If you received treatment two to six months prior to your travel date and you have a relapse while on vacation your standard travel insurance won’t cover interruption or cancellation. This may include situations when you experienced symptoms of an illness but chose not to receive treatment, ignored recommendation of your physician or refused to take prescriptions for your condition. You can opt for a waiver by purchasing the insurance a few days to two weeks from the time you make your first payment.

However an insurer can still deny your claim should a situation or condition exist at the time you purchase your policy. For instance should a close relative be in end-of-life care at that time you will not be able to cancel and be protected should your loved one succumb. Basically you must have no known encumbrances that would  interrupt travel at the time you purchase your travel insurance.
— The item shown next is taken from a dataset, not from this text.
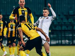 Wartościowy punkt. Defensywa wciąż żelazna Chrobry nadal niepokonany w tegorocznych występach i wciąż bez straty gola. Na zakończenie 23 kolejki Fortuna 1 Ligi Pomarańczowo-Czarni zremisowali z GKS-em Katowice 0:0 i dopisują do swojego konta kolejny wartościowy punkt. 14-03-2022 08:33 autor: ŁJ Chrobry nadal niepokonany w tegorocznych występach i wciąż bez straty gola. Na zakończenie 23 kolejki Fortuna 1 Ligi Pomarańczowo-Czarni zremisowali z GKS-em Katowice 0:0 i dopisują do swojego konta kolejny wartościowy punkt. Chrobry nie miał wymarzonego startu, przynajmniej personalnie. Już w pierwszej akcji gospodarzy, tuż po rozpoczęciu gry, zawrzało i choć GKS nie poszedł dalej z tym odważniejszym startem, w 12 minucie w głogowskich szeregach musiała nastąpić zmiana. Boisko opuścił kontuzjowany Michał Ilków-Gołąb, a zastąpił go Paweł Tupaj. Chrobry jednak drążył. W 20 minucie strzał Dominika Piły z ostrzejszego kąta obronił golkiper GKS-u. Później niecelnie z kilkunastu metrów przymierzył Mateusz Machaj, a po groźnym wjeździe w pole karne Michała Rzuchowskiego nikt nie zdołał zamknąć posłanej przez niego wzdłuż bramki futbolówki. Pierwsza połowa na remis ze wskazaniem na Chrobrego. Po zmianie stron głogowianie przycisnęli i mieli z czego strzelić. W 64 minucie dobrym podaniem Mateusza Bochnaka uruchomił Mateusz Machaj, ale piłkę po strzale bocznego pomocnika Chrobrego odbił na rzut rożny Dawid Kudła. Tylko rzut rożny głogowska drużyna miała też po świetnej sytuacji z 88 minuty, gdy po dograniu Dominika Dziąbka strzelano na raty. Uderzający jako pierwszy Mateusz Bochnak po raz kolejny złapał się za głowę… Fakt, że w międzyczasie bardzo groźnie po rzucie wolnym głową uderzał Arkadiusz Jędrych, co padło łupem dobrze ustawionego Rafała Leszczyńskiego, więc mimo niedosytu, drużyna zdawała się doceniać tę zdobycz. W kolejnym meczu, w sobotę 19 marca Chrobry zmierzy się z innym GKS-em, tym razem z Tychów. Początek o godz. 12.40 w Głogowie.

Other Considerations When Choosing Travel Insurance

Just as with any insurance there are special policies and provisions to consider when choosing your travel insurance. For instance the cancel for any reason policy mentioned above may not provide full coverage. They also only allow cancellation up to 48 hours prior to travel. Here are some other conditions to which you should pay heed:

  • Travel insurance is a secondary form of coverage. This means they openly pay for what is not reimbursed or provided for from your suppliers. It could involve a good amount of time before you see any compensation. For medical expenses you must first submit to your medical insurer and you may need to pay for any emergencies on the spot then be compensated later on. For damage or loss of personal possessions you will need to make a claim with the airlines, for instance, the your own insurer, then refer to your travel policy.
  • With travel insurance/medical insurance you will need to let the insurance provider make all of the arrangements for you in the event of evacuation or medical care. The insurer will assign the physician and arrange for transport. If you choose to do so on your own you may not be reimbursed.
  • Some policies invalidate coverage if you fail to cover the entire cost of your trip. You are required to cover any and all fees, nonrefundable payments you make and even, in some cases, the refundable payments required must be covered.
  • The rates for most travel insurance policies and medical/medevac go up along with your age. These rates really rise for those over the age of 70.

As Always, Caveat Emptor

The thing to remember when deciding on travel insurance is that not all policies are created equal. Consider your specific needs and choose wisely. Travel insurance is a prudent choice in today’s environment and can offer you a fair amount of peace of mind.

Disclaimer: We do not represent any travel insurance company.